Его привычка говорить с собой и улыбаться своим мыслям еще более укрепилась. Он сам рассказывал, что однажды слышал, какими замечаниями по-шотландски обменялись по его адресу две уличные торговки.
— Бог мой! — сказала одна и сочувственно покачала головой. — Вот бедняга!
— А ведь прилично одет, — заметила вторая, подразумевая: не странно ли, что его одного отпускают из дому?
А вот один из рассказов Вальтера Скотта, как обычно, обстоятельный и колоритный.
Таможенное управление держало швейцара, представительного мужчину в длинной красной ливрее. Согласно правилам в дни заседаний совета, состоявшего из пяти таможенных комиссаров, швейцар, держа в руках семифутовый жезл, должен был отдавать этим жезлом салют каждому комиссару, а затем торжественно сопровождать его до дверей зала заседаний.

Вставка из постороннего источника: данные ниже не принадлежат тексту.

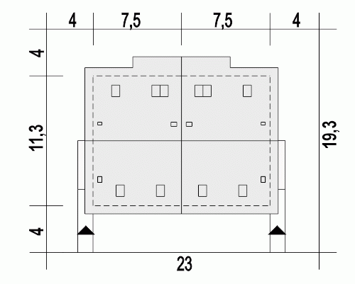 - Minimalne wymiary działki19.3 x 23m

Смит видел эту процедуру много раз и привык к ней. Но однажды, войдя в подъезд, он задумчиво посмотрел на привратника и вдруг стая копировать все его движения, используя вместо жезла свою трость. Швейцар вытянул вперед жезл, держа его обеими руками. Смит сделал то же самое, как рекрут, которого муштрует старый сержант. Не зная, что и думать, служитель отступил на шаг и приставил жезл к ноге. Но Смит, вместо того чтобы пройти мимо него на лестницу, встал напротив точно в такой же позе. Разумеется, все это происходило в полном молчании.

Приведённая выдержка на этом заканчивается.